What is being asked: Give again, unaltered, the lines of the listing below that run from the line having "Warm and inviting, this" through the line having "Head to a ski".

----- Information

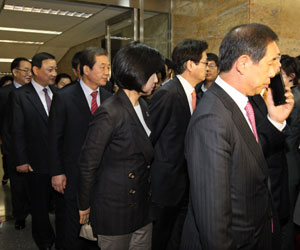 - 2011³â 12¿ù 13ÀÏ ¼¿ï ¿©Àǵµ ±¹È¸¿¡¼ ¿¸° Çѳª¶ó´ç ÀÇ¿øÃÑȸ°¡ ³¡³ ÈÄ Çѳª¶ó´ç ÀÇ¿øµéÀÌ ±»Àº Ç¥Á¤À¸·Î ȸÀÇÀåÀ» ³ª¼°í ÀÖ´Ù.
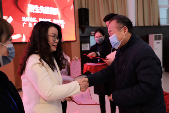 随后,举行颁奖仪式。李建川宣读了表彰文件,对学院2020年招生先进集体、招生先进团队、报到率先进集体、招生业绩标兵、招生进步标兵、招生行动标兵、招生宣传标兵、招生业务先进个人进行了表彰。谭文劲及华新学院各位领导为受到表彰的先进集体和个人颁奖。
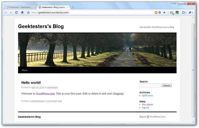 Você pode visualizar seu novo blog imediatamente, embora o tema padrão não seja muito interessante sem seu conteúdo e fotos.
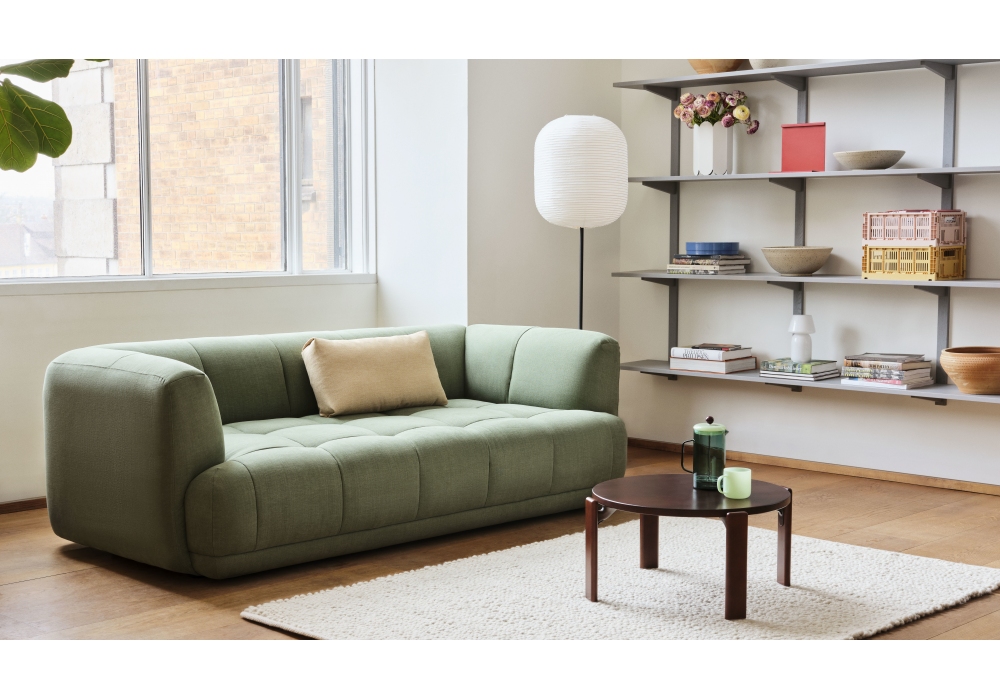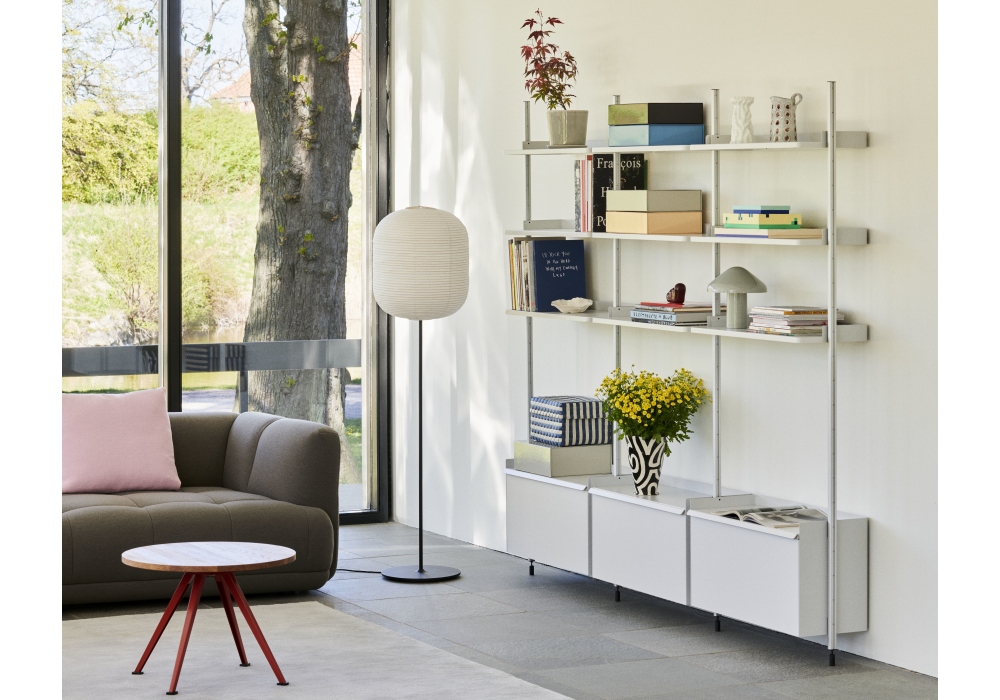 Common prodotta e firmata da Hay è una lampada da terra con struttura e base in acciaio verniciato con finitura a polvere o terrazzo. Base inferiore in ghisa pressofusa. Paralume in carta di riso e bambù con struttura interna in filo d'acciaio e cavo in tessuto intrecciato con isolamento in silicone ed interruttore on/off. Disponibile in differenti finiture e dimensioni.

----------
----- Information

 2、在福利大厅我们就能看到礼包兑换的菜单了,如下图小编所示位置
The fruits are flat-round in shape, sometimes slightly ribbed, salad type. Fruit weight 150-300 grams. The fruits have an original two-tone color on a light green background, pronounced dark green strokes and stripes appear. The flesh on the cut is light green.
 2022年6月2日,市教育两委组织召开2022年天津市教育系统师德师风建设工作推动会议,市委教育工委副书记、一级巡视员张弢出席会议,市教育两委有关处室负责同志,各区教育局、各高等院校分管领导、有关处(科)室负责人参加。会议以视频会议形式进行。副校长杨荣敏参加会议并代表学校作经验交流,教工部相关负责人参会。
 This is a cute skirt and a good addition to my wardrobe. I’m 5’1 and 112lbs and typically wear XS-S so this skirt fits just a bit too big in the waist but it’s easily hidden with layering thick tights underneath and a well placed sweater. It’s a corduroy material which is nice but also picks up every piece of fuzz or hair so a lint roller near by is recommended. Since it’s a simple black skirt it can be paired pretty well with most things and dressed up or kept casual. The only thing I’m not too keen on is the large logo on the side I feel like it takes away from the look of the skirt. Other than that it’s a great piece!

----------
----- Information

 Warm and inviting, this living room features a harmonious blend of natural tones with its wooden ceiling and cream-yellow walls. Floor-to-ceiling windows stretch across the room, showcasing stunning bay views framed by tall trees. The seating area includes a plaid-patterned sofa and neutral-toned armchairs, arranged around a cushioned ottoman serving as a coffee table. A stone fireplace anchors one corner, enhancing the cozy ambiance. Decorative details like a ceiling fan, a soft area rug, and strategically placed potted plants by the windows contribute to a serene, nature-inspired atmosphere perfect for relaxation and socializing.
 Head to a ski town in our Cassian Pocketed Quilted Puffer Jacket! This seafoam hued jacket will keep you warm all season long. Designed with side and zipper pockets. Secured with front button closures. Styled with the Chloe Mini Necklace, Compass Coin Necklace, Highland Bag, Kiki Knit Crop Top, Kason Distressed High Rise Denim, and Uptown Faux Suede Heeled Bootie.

----------

Answer to this problem:
 Warm and inviting, this living room features a harmonious blend of natural tones with its wooden ceiling and cream-yellow walls. Floor-to-ceiling windows stretch across the room, showcasing stunning bay views framed by tall trees. The seating area includes a plaid-patterned sofa and neutral-toned armchairs, arranged around a cushioned ottoman serving as a coffee table. A stone fireplace anchors one corner, enhancing the cozy ambiance. Decorative details like a ceiling fan, a soft area rug, and strategically placed potted plants by the windows contribute to a serene, nature-inspired atmosphere perfect for relaxation and socializing.
 Head to a ski town in our Cassian Pocketed Quilted Puffer Jacket! This seafoam hued jacket will keep you warm all season long. Designed with side and zipper pockets. Secured with front button closures. Styled with the Chloe Mini Necklace, Compass Coin Necklace, Highland Bag, Kiki Knit Crop Top, Kason Distressed High Rise Denim, and Uptown Faux Suede Heeled Bootie.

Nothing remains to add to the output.